TASK STATEMENT:
Copy out exactly the stretch below, from the line with "Why plugins are" through the line with "A gravelled driveway", both included; the pictures stay out.

────────────────

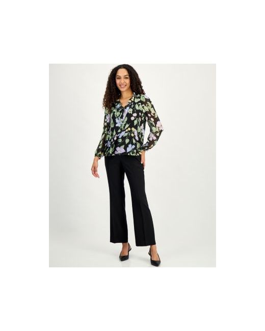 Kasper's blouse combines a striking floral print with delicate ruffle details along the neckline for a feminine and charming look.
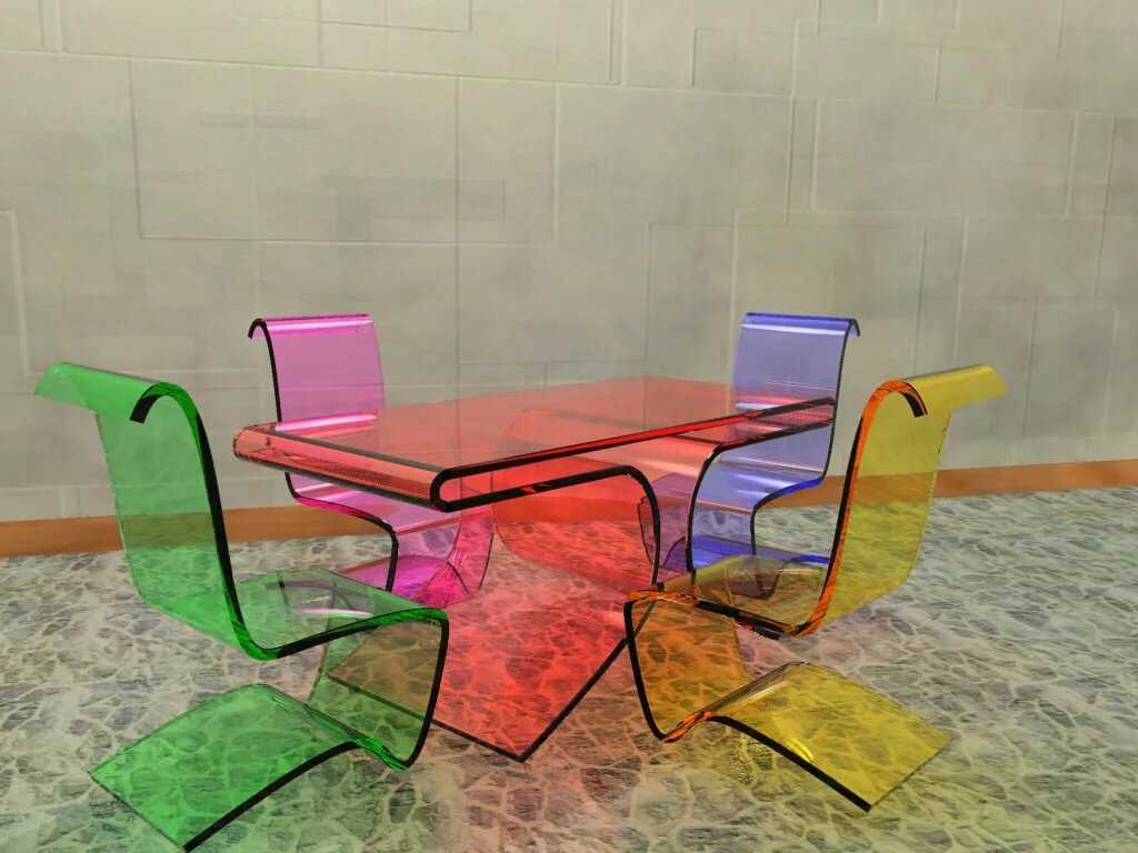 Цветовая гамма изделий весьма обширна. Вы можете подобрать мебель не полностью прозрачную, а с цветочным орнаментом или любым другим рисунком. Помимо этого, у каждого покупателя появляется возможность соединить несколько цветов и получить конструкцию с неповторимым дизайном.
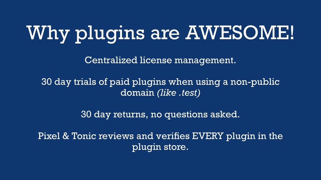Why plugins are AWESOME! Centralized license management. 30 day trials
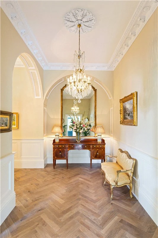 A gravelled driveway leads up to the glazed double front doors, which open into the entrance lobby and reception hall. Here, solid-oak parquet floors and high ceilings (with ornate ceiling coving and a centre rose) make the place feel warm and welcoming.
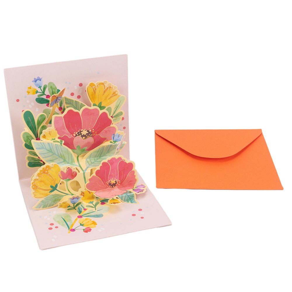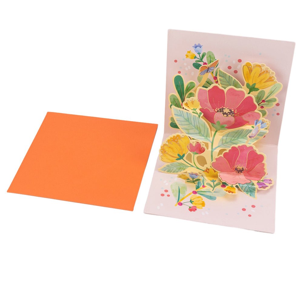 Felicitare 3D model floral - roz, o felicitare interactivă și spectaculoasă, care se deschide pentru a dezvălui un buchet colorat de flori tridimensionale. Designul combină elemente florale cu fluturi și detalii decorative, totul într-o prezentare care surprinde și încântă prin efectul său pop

────────────────

ANSWER:
Why plugins are AWESOME! Centralized license management. 30 day trials
 A gravelled driveway leads up to the glazed double front doors, which open into the entrance lobby and reception hall. Here, solid-oak parquet floors and high ceilings (with ornate ceiling coving and a centre rose) make the place feel warm and welcoming.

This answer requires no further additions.